I may have to stop shopping at the Rural King.
For Dopers unfamiliar with this countrified chain, think Tractor Supply, only double the size and with extra redneck.
It’s not so much the in-your-face customer sentiments, although that can occasionally be a bit disconcerting, as with the young couple in the adjoining checkout line, the male half wearing a “You Stomp On My Flag, I’ll Stomp Your Ass” t-shirt, his significant other decked out in a “Defend Our House - Rupp Arena” t-shirt. I was concerned about blending in given that I was sporting a Social Distortion face mask, but my Chuy’s t-shirt with Bill Clinton saying “I Did Not Have Tex-Mex With That Woman” probably helped.
No, these days the problem is that when I enter the store I feel like a giant germ is holding the door for me. There is a significant percentage of customers (and sometimes staff) for whom masks are evidently optional, if they have any conception of how to wear them (re the young couple previously referred to, one had no mask and the other had a plastic shield which sort of blocked his mouth but was open to the air).
The checkout area in front of the entrance/exit doors is always congested, partly because people move at a molasses-like pace due to the need to socialize, confusion over the nature of modern transactions or because they are suddenly seized by a zombie trance state and have no conception of where they are or what they should be doing.

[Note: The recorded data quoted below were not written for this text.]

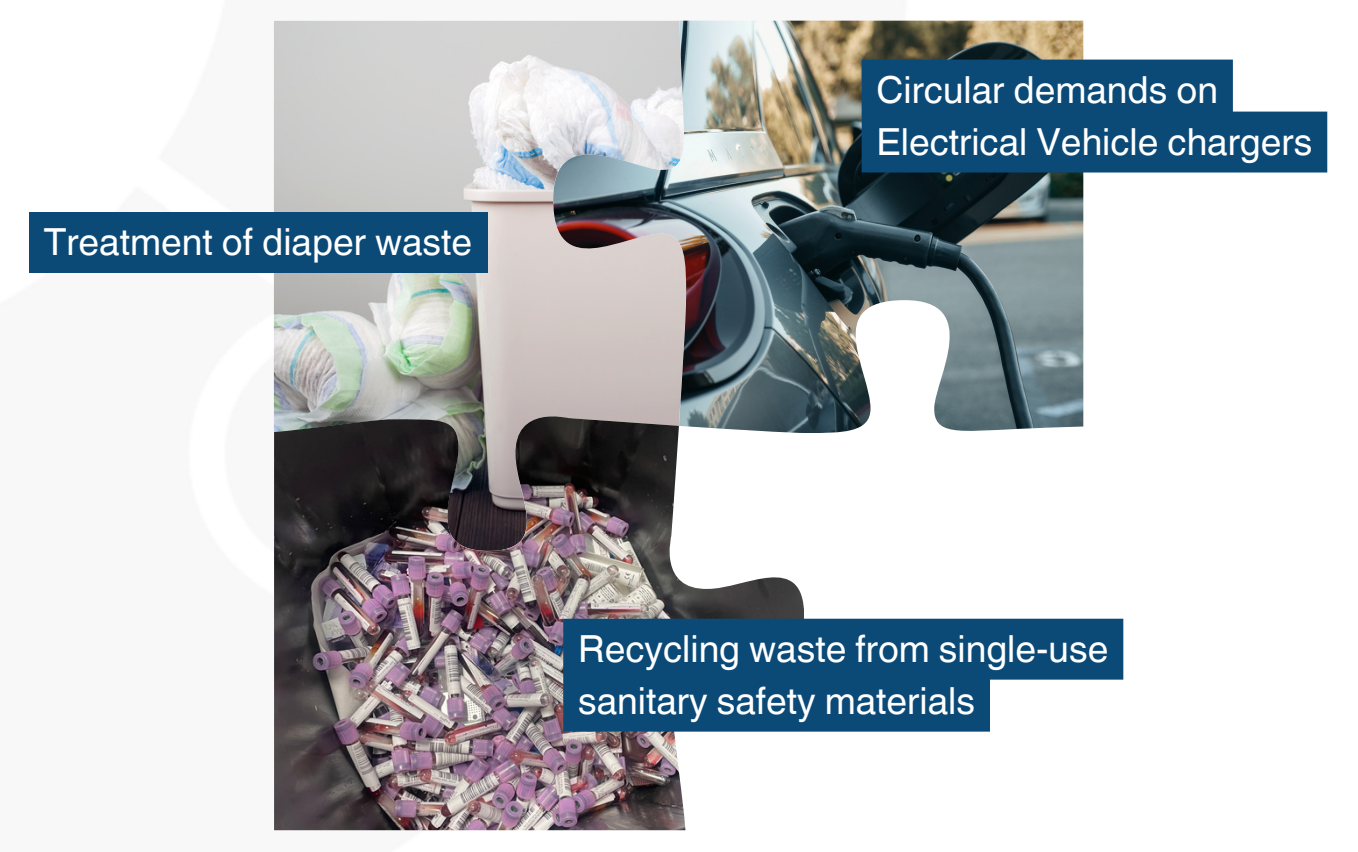
Figure 1 - The three procurement cases supported by the BRINC project

The InnoBroker model presented in this report builds on experience and learnings from the activities in the BRINC project and from the supported procurement cases. The BRINC project has supported three main procurement cases, described more in detail in the next pages.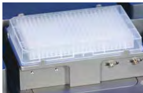
Mirrored Barcode Reader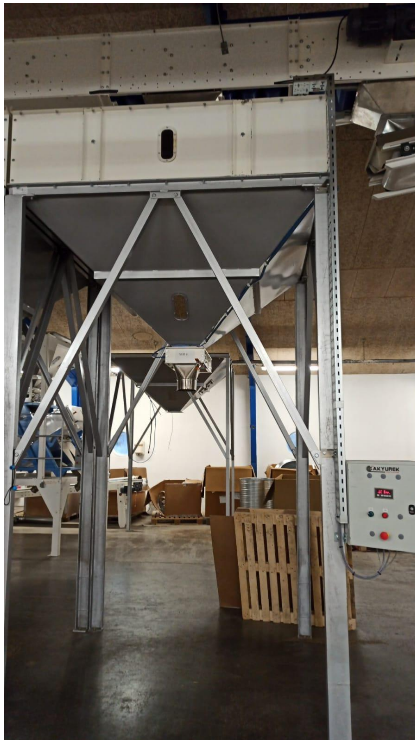
Figure 4 BX14 totalizing hopper weigher with vibration feeding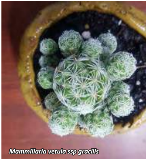
Mammillaria vetula ssp gracilis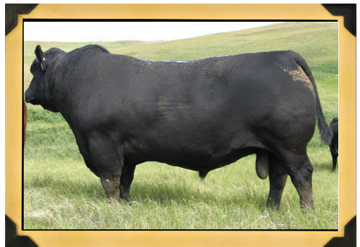
BOTTOM RIGHT: Hoff Limited Edition SC594 - all time high income earning sire that broke all Raff records.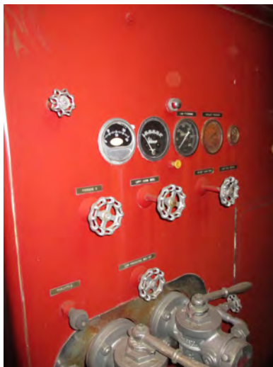
Controls and under the hood of the fire truck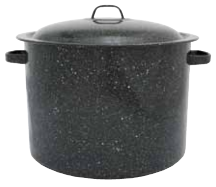
Soup Pots F6135 11 ½ Quart Black Display Available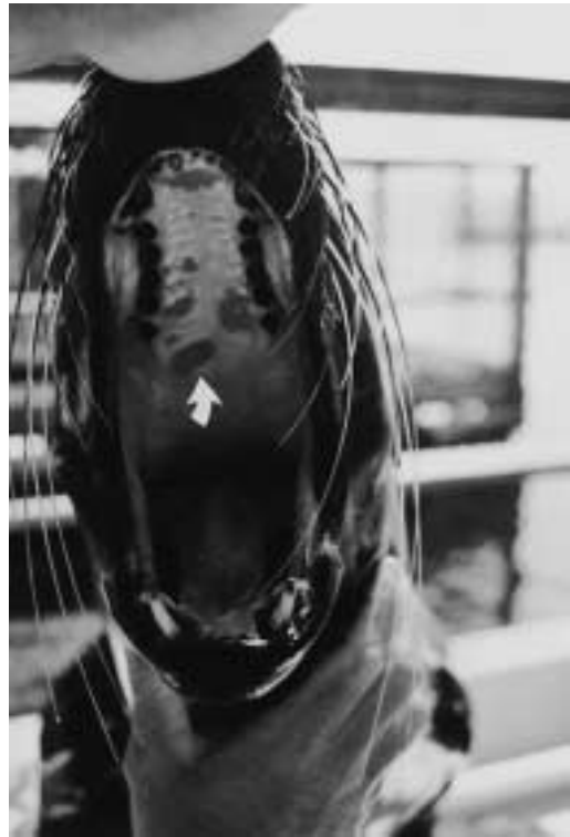
FIGURE 2. Clinical appearance of California sea lion with erupted oral vesicles on hard palate (arrow).

On 8 April 1997 one of the group animals, NIC, was brought to the attention of the veterinary staff with the complaint of poor appetite and reluctance to perform learned behaviors. The following day an erupted vesicle was noted on the sea lion's tongue and calicivirus infection was suspected. Whole blood and serum samples were collected with the animal restrained in a squeeze cage. Amoxicillin (SmithKline Beecham Pharmaceuticals, Philadelphia, Pennsylvania, USA) at 15 mg/kg and clindamycin (The Upjohn Company, Kalamazoo, Michigan, USA) at 12 mg/kg orally, twice daily, were prescribed. On 12 April this animal subsequently developed multiple vesicles of the hard palate and dorsal surface of the tongue, which were causing obvious discomfort (Figs. 1, 2). The animal stayed out of the water with mouth open and refused all fish offered. Topi-

There was a geezer ahead of me in line who seemed to have been transported through a time warp from 1952. He had a credit card but evidently no idea how to use it. The cashier had to give him detailed instructions, and in order to respond to her it was necessary for him to pull his mask down under his nose. This signifies that either his nostrils are connected to his inner ears, or that that he literally speaks through his nose, since as we all know, sound will not travel through a cloth mask.
I gave up at that point and moved to another line, which in defiance of Jackmannii’s Law of Checkout Lines, actually moved faster than the line I’d been on.
*I know, why go to Rural King in the first place? They have important items necessary to survival in the outback, including animal feed, garden tools, enormous tubs of jerky, a great assortment of baby chicks (in season) and pandemic candy supplies unavailable anywhere else.